What you will do ▸
Below is a listing. Set down exactly the lines from the one containing "Funda de Piel" through the one containing "en el cielo.", both ends included, and leave out the rest.

Extracted records ▸
★ ★ ★ ★

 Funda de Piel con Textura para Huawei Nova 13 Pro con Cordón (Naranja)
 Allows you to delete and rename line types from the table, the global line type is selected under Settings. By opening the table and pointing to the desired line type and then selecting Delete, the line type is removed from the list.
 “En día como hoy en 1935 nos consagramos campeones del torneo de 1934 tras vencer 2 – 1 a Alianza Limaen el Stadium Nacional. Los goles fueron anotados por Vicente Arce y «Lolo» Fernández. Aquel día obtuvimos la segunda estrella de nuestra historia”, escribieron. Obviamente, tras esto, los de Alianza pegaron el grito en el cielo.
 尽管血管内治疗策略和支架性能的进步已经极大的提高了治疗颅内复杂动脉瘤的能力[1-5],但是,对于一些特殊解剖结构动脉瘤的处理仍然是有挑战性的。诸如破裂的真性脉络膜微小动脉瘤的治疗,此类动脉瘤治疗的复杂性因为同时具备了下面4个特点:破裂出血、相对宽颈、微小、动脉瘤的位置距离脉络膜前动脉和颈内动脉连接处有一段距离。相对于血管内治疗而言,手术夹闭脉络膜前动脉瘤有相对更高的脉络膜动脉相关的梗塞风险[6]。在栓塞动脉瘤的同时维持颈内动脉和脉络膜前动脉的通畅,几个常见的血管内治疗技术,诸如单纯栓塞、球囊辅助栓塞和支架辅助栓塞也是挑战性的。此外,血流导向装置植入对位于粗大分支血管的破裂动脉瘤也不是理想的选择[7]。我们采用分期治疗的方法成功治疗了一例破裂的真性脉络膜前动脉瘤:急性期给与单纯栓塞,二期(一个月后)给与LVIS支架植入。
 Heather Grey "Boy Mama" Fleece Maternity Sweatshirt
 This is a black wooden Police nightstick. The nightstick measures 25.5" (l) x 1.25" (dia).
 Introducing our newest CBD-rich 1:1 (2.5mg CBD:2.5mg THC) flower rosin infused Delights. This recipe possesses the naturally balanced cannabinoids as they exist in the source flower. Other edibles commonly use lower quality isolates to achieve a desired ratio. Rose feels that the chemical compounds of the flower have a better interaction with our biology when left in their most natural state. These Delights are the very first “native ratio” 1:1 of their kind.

★ ★ ★ ★

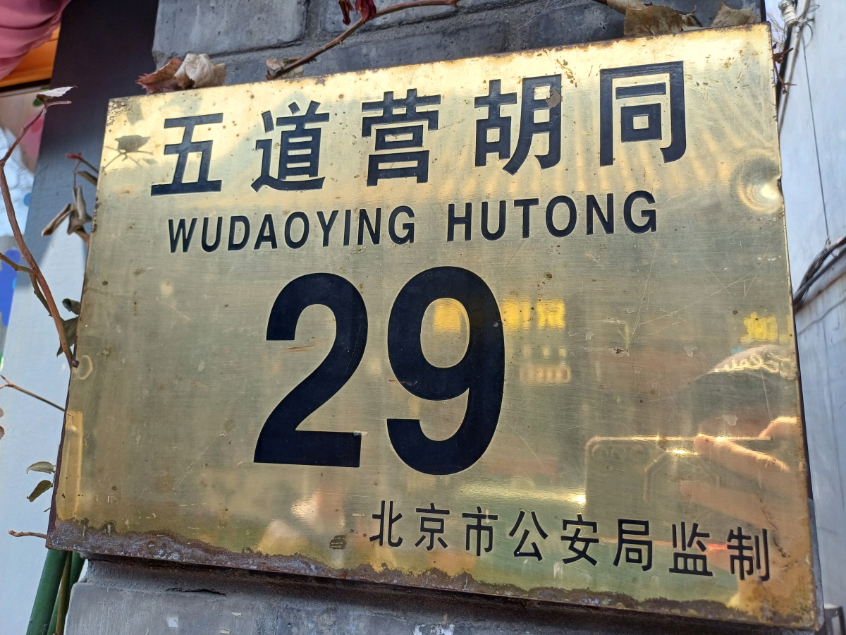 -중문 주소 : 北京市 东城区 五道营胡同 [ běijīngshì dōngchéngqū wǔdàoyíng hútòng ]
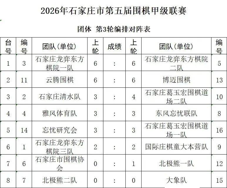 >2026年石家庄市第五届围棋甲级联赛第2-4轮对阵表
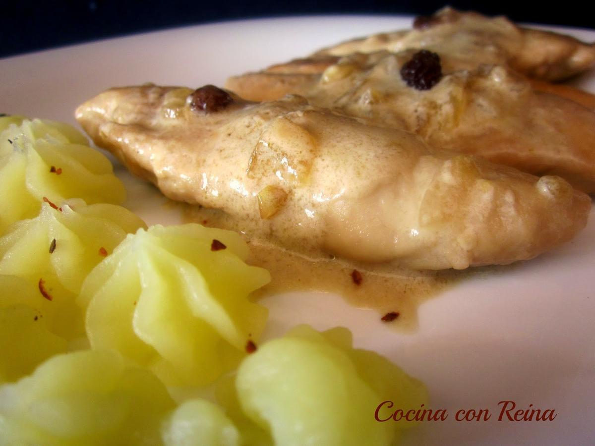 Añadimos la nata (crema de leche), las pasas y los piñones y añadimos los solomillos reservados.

★ ★ ★ ★

Written solution ▸
 Funda de Piel con Textura para Huawei Nova 13 Pro con Cordón (Naranja)
 Allows you to delete and rename line types from the table, the global line type is selected under Settings. By opening the table and pointing to the desired line type and then selecting Delete, the line type is removed from the list.
 “En día como hoy en 1935 nos consagramos campeones del torneo de 1934 tras vencer 2 – 1 a Alianza Limaen el Stadium Nacional. Los goles fueron anotados por Vicente Arce y «Lolo» Fernández. Aquel día obtuvimos la segunda estrella de nuestra historia”, escribieron. Obviamente, tras esto, los de Alianza pegaron el grito en el cielo.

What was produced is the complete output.